#### [Task to complete]
Could you filter the records below and return each line that holds "using"?

#### [Extracted information]
---+---
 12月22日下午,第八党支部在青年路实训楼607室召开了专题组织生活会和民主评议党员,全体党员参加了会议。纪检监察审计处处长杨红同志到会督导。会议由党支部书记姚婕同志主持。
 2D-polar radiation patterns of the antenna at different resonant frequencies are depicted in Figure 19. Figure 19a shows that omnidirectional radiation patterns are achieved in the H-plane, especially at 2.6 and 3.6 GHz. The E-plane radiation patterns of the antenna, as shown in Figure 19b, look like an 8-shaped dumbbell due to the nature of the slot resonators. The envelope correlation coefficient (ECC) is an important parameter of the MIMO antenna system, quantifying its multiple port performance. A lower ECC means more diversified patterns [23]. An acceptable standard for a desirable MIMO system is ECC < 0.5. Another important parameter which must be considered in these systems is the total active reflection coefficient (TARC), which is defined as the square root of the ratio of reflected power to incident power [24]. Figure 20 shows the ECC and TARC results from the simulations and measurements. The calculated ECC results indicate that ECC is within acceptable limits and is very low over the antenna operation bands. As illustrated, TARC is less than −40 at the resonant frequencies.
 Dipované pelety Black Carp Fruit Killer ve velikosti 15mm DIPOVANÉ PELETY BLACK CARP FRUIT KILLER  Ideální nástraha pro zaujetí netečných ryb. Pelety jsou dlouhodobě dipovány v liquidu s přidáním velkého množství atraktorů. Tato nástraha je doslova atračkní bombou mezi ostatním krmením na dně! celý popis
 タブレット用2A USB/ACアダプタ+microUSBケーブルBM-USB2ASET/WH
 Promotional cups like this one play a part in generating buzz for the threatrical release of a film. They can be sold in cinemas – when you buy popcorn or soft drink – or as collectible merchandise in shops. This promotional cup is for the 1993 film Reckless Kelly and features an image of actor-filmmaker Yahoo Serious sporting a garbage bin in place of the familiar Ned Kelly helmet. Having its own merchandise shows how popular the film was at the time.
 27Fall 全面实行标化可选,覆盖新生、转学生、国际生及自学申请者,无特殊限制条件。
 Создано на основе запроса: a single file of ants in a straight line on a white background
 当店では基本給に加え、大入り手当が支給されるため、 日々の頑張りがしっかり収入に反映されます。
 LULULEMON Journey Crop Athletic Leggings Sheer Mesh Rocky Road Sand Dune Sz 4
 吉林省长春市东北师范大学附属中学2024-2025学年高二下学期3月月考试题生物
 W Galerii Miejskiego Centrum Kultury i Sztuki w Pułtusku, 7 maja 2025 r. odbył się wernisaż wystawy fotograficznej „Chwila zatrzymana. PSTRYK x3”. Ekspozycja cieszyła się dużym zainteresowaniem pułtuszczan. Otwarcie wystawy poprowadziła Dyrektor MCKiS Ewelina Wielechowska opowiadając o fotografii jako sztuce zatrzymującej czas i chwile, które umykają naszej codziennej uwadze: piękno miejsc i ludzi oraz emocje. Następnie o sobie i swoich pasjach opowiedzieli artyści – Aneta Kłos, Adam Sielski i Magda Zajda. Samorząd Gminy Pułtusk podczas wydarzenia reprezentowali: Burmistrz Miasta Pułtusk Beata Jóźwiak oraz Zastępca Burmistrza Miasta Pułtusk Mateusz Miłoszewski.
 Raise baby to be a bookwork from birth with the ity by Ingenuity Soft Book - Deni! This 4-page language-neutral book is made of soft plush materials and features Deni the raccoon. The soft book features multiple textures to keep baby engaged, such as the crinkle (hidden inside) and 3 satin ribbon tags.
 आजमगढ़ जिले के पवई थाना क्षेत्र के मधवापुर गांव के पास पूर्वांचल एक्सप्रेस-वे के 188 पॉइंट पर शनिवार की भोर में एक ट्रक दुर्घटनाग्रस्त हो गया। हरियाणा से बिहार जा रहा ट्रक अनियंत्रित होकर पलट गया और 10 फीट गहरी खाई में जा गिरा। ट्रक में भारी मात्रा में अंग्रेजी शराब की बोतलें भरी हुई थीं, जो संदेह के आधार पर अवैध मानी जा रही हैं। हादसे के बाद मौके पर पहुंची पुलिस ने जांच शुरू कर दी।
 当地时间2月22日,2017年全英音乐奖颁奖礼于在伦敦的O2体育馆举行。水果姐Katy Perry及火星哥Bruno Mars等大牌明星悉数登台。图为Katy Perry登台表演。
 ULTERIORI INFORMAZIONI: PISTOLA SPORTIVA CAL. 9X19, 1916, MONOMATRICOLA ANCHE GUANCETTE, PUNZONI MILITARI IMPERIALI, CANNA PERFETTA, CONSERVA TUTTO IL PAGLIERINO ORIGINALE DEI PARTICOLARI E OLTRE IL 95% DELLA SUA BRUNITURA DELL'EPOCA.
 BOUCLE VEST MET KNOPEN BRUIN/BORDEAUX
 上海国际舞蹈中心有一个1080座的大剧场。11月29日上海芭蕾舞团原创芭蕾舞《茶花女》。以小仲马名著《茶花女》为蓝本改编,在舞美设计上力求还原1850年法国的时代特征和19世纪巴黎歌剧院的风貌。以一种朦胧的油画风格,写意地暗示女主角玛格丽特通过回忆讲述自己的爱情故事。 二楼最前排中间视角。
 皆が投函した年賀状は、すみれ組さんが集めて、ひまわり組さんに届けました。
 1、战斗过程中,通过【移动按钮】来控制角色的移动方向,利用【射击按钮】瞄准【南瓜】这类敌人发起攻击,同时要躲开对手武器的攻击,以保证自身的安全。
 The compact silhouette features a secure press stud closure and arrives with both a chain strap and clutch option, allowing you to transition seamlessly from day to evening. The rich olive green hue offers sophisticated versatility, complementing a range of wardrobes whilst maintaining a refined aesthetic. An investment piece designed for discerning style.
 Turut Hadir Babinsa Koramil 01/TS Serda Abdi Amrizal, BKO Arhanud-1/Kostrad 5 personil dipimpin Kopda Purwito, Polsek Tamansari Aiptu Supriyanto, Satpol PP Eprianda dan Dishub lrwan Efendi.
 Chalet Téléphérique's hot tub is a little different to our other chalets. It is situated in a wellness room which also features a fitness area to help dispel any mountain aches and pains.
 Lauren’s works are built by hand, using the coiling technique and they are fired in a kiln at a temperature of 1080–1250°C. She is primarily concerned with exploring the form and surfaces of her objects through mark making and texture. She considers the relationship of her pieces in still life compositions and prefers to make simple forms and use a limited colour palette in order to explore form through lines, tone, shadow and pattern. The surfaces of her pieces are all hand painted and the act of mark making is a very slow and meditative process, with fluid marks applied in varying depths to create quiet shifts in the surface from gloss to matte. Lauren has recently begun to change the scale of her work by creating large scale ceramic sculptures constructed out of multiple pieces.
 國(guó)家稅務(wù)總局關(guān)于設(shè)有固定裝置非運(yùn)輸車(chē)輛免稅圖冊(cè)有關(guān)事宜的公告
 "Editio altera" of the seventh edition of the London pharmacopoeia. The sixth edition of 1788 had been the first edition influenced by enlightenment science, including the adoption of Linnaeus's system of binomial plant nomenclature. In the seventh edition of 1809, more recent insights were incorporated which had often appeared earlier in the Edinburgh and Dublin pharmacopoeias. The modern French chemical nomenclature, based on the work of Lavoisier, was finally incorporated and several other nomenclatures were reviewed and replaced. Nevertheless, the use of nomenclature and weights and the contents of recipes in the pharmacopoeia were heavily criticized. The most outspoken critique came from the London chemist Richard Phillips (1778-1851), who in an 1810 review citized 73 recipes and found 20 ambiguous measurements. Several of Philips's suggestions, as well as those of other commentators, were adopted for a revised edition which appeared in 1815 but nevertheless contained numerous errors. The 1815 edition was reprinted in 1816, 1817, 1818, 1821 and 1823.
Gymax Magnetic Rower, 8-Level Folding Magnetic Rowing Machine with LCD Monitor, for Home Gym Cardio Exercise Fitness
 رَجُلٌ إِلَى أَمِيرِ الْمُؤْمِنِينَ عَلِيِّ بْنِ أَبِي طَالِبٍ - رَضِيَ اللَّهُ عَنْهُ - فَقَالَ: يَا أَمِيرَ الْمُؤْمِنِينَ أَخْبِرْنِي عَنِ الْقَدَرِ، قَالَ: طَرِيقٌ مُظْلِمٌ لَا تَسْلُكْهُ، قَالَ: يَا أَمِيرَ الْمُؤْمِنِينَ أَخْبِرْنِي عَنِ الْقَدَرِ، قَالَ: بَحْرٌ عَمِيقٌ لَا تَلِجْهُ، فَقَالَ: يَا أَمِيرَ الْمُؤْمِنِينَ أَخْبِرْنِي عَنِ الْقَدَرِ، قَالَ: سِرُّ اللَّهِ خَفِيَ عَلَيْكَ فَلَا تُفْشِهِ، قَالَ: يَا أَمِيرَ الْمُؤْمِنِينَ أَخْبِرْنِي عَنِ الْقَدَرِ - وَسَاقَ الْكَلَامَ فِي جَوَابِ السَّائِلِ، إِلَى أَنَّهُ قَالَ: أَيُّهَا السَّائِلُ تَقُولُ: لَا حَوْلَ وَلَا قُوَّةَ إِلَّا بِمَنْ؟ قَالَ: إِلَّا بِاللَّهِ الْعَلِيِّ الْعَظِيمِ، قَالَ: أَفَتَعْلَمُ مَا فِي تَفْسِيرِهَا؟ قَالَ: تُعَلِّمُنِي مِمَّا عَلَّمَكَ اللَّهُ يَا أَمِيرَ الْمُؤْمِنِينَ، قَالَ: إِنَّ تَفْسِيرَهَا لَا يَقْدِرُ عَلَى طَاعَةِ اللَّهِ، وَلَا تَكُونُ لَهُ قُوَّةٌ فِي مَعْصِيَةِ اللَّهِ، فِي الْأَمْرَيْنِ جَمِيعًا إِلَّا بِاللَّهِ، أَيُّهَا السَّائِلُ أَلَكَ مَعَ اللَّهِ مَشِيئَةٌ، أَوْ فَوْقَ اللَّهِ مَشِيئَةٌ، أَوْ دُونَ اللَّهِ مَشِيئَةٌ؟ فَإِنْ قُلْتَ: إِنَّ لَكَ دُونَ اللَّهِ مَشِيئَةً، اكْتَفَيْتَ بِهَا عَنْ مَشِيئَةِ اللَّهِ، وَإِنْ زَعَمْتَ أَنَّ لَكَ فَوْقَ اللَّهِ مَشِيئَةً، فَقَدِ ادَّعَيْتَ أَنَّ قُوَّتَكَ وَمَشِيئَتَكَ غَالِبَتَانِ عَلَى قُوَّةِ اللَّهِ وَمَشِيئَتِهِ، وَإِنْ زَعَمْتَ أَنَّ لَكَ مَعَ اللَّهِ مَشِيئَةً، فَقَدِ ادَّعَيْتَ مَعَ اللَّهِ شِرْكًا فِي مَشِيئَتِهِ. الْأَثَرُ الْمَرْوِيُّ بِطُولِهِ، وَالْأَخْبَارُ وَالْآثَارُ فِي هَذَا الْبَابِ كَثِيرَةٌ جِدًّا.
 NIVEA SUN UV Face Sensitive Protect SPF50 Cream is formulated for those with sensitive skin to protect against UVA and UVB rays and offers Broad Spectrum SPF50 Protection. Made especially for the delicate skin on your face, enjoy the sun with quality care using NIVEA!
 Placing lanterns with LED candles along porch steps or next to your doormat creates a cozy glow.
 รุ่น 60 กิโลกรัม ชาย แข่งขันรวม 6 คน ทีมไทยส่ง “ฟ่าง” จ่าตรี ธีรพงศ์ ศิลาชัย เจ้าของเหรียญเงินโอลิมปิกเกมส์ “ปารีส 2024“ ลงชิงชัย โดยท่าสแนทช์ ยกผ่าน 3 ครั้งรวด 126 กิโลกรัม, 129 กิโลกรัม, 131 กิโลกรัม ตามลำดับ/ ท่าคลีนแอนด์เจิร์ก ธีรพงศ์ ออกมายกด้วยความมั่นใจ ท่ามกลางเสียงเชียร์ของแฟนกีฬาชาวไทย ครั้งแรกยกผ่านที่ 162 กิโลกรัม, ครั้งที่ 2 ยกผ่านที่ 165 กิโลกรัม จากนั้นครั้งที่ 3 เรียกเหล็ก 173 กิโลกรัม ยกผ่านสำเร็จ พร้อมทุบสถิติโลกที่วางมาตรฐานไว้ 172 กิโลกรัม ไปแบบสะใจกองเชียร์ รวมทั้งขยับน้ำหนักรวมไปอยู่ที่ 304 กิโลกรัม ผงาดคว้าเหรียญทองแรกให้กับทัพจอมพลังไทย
---+---
#### [Task answer]
 Lauren’s works are built by hand, using the coiling technique and they are fired in a kiln at a temperature of 1080–1250°C. She is primarily concerned with exploring the form and surfaces of her objects through mark making and texture. She considers the relationship of her pieces in still life compositions and prefers to make simple forms and use a limited colour palette in order to explore form through lines, tone, shadow and pattern. The surfaces of her pieces are all hand painted and the act of mark making is a very slow and meditative process, with fluid marks applied in varying depths to create quiet shifts in the surface from gloss to matte. Lauren has recently begun to change the scale of her work by creating large scale ceramic sculptures constructed out of multiple pieces.
 NIVEA SUN UV Face Sensitive Protect SPF50 Cream is formulated for those with sensitive skin to protect against UVA and UVB rays and offers Broad Spectrum SPF50 Protection. Made especially for the delicate skin on your face, enjoy the sun with quality care using NIVEA!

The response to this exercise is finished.